Teknolojinin nimetlerinden yararlanan taraftarlar, 10 dakika içinde organize olur ve maçlara gelir. Protokol yerini, aldığında taraftar sesini yükseltmeye başlar. Takımların sahadaki dizilişi bittiğinde de ‘Bursa Bursa’ seslerinin yükseldiğine çok şahit oldum.

Şimdi 1 yıllığına da olsa yeni bir yönetim var. Recep Bölükbaşı, Bursa’yı bilen, Bursaspor için gecesini gündüzüne katan insanlardan. Heyecanlı, yüzü gülen, hızlı düşünen, ekibini kılı kırk yararak oluşturan ve merhum İbrahim Yazıcı’nın yanında yetişen bir yönetici…

Bursaspor futbol takımının yanına basketbol takımını da eklemek istediğini kulaklarımla duydum. Araştırma-Geliştirme (Ar-Ge) birimi dedi… Büyükşehir Belediye Başkanı Recep Altepe’nin sözünü verdiği akaryakıt istasyonları ile yeni gelir kaynakları elde edeceklerini söyledi… Bursa’da doğan ve Bursa’da doyan herkesten yardım istedi.

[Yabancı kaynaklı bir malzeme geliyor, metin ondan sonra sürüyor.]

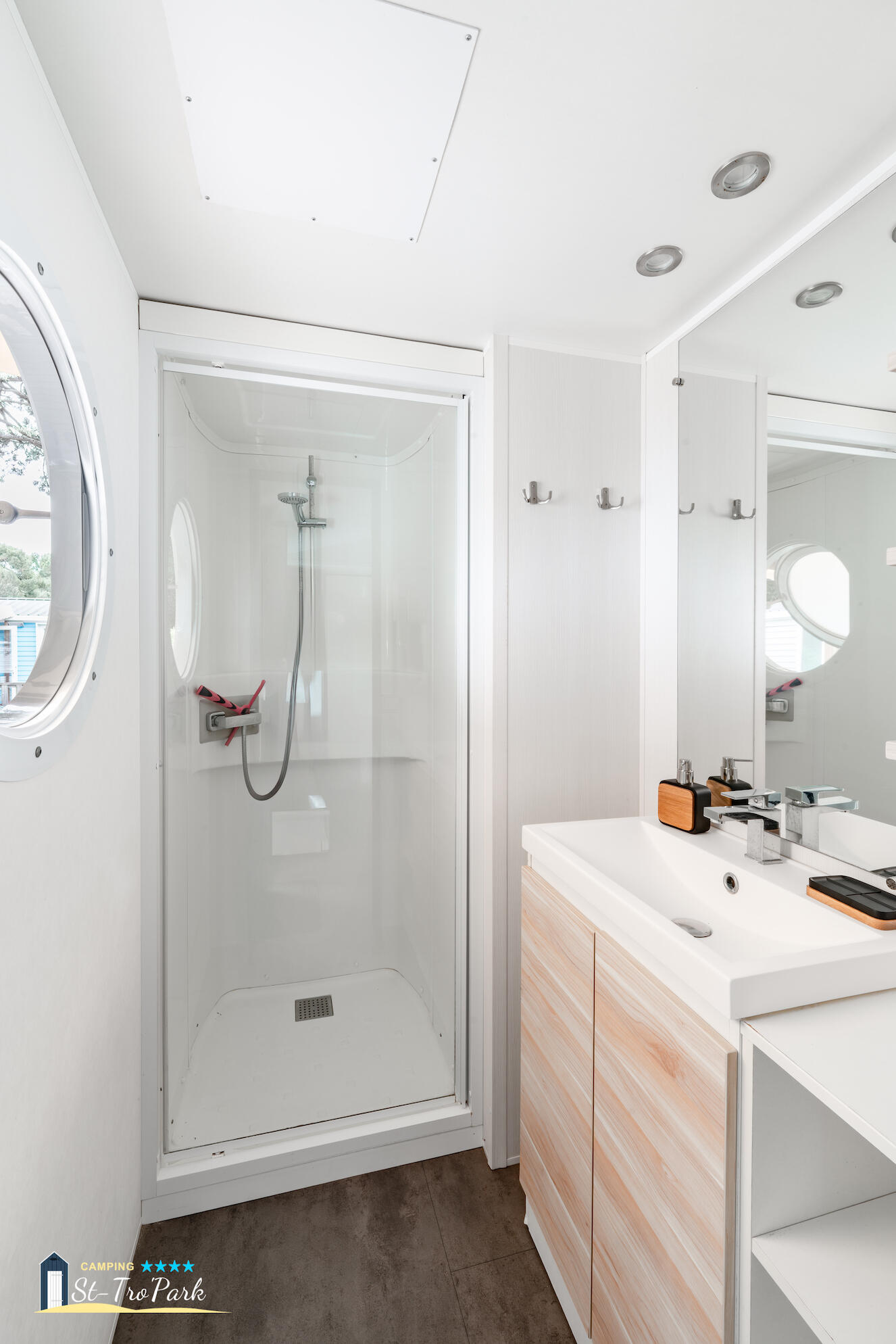 Entdecken SieChalet Premium 35m² (2 Zimmer) + überdachte Terrasse 12m² +Klimaanlage

Vali Münir Karaloğlu ve Büyükşehir Belediye Başkanı Recep Altepe başta olmak üzere sanayiciler, iş adamları, iş kadınları, sivil toplum kuruluşları, mühendis odaları, dernekler, ilçelerin belediye başkanları kısaca herkesin yardımı ile Bursaspor yenilmez armada yapılabilir. Türkiye’nin en büyük şehir takımı koşmaya başladığında kentte yüzler gülmeye başlar, her kurum ve kuruluşun marka değeri yükselir. Her televizyonda, her gazetede, her dergide, her internet ortamında Bursa sesleri… Canlı yayınlarda onlarca, binlerce kez Bursa’yı duyduğunuzda yaşayacağınız gururu şimdiden görüyorum. Tarih ilk adımla başlar. Yazmaya başladığımızda geleceği de kurmuş oluruz. Çocuklarınızın, torunlarınızın ‘Bursalıyız’ sözünü göğüsleri kabararak söylemesi, bugünlerde sizin atacağınız adımlara bağlı.

Bir şehir takımına sahip çıkmalıdır, çıkılacağına inanıyorum. Ticaret ve sanayi nasıl ayrılmaz iki parça ise; Bursa ve Bursaspor da öyle…

Her katkı size yol, su, elektrik olarak dönecektir, hiç kuşkunuz olmasın.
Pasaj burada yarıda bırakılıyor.